Back to Company organization and resistance to change I noticed that sometimes the same persons can consider odd the “no-vaccines” approach while having a similar attitude towards Scrum and their Scrum master.
This observation led me to the hypothesis that this reaction probably is reasonable.
Why an initial ‘No-Vaccines’ approach toward your Scrum master is reasonable
It’s no surprise that we are blind to our stereotyped behaviours even when we can easily spot them in others.
INFORMATION HELL
There’s an overwhelming amount of information available in our era. It has become really tough to filter out relevant pieces of information or even truthful ones.
On the other side we need to gain more and more widespread knowledge to deal with everyday challenges.
Information overload and the need for widespread knowledge can easily reinforce our bias to overestimate our knowledge in the areas in which we actually know less while undermining our confidence in our area of expertise (Dunning–Kruger effect).
NEED FOR TRUST
We’re exposed to an increasing number of relationships nurtured via different channels.
We all need to learn different patterns of communication, each with its own uncertainties.
The need for trust is ever growing and we’re becoming more and more demanding with other persons, even after we’ve “accepted” them.
It’s no surprise that we tend to challenge other’s thoughts more than ours.
If all of this is true and unavoidable, what can we do?
Two lessons I learnt from my errors or: how to survive the no-scrum effect
Here is what I think I learnt from my errors.
Usually I approach every new situation trying to listen and learn as much as I can.
I try to be always there in order to be ready to help as I can. When a new or existing need becomes evident I jump on the train and learn how to help in this new context.
I keep thinking that this is a valuable approach but, this approach by itself does not automatically help me to enable big changes.
The first lesson I learnt is that: no matter how strong you push, human relationships has their own timings.
Trust is influenced by many factors but even in case of special affinity there’s no shortcut for time.
Even when we like working together and somehow trust each other from the very beginning, still we need time to make trust grow.
Things must happen and go well in order to build the sense of shared responsability we need to move one step further and work as a team.

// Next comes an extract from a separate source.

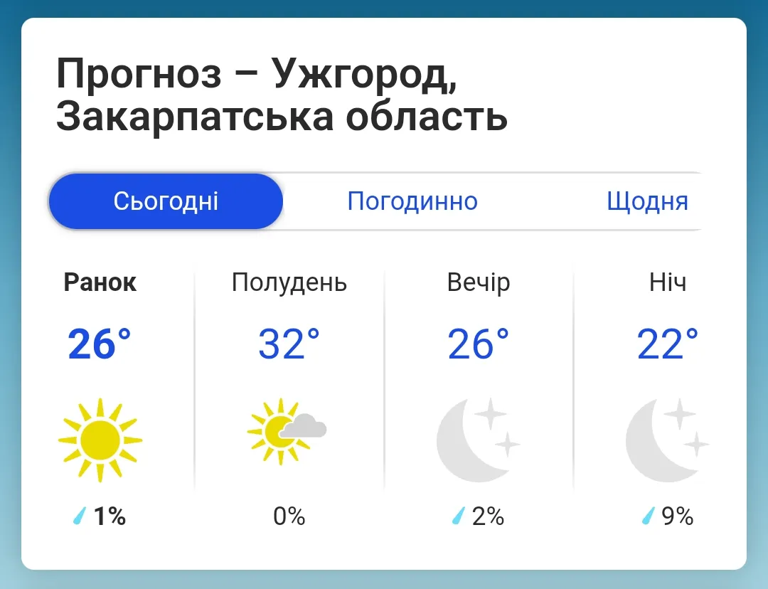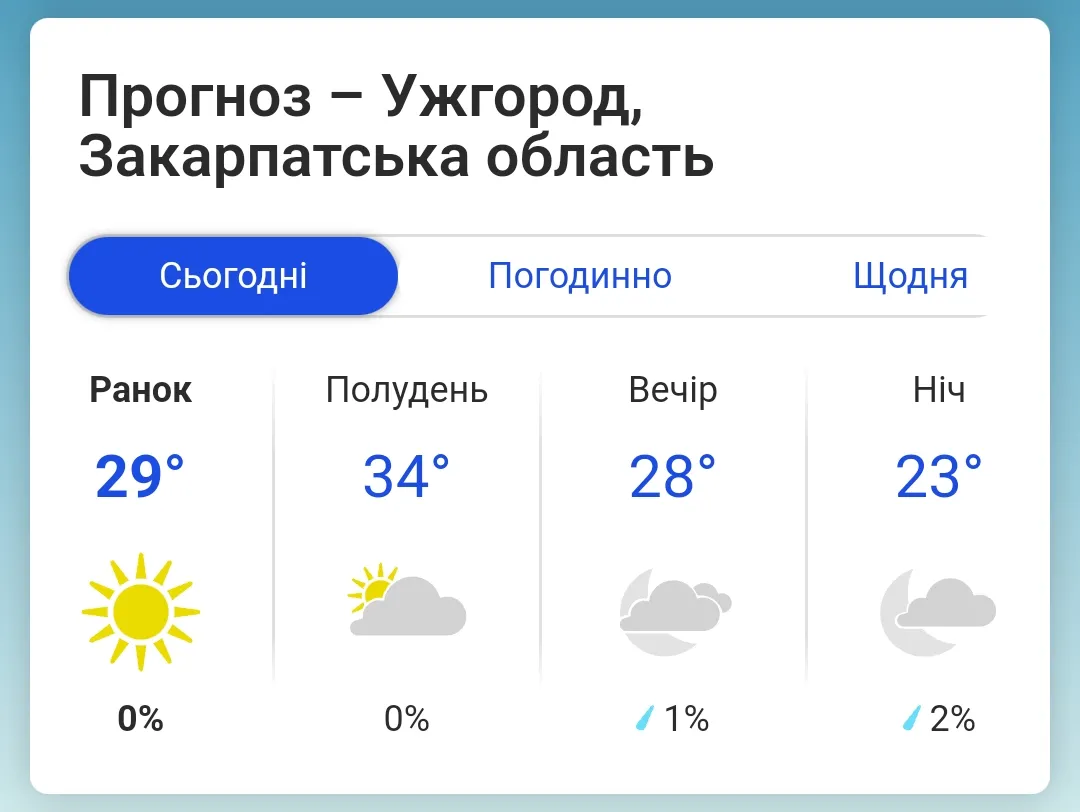 9 липня на Закарпатті та в Ужгороді очікується тепла погода з температурою повітря близько 33°C

Second lesson is that, for people impatient like me about results, there are good news from science now.
It was already known that Dopamine release makes us “feel good” and this is what happens when we achieve a goal. The novelty in this article is that our impatience is somehow expected.
What they found is that Dopamine influences the way in which the brain decides to allocate working memory. In this way the release of Dopamine can make us feel less cognitive effort in doing something and help us keep pursuing our goal.
What then?
We can outlive our impatience if we visualize relevant sub-goals.
Those intermediate goals could tell us something about the bigger goal and help us move forward.
Achieving the sub-goals will fire the Dopamine that will help us keep cognitive control active.
Sub-goals will help us feel that the direction is taken and reinforce our brain to keep working towards the goal.
That said, there are for sure environmental factors influencing trust and obviously the context can completely change your situation as a Scrum Master.
But those are the 2 things that you can do on your own:
Invest time for relationships to grow and identify intermediate goals for you in the meanwhile.
Those intermediate goals are not only valuable as results in themselves but in building your own trust in what you are doing.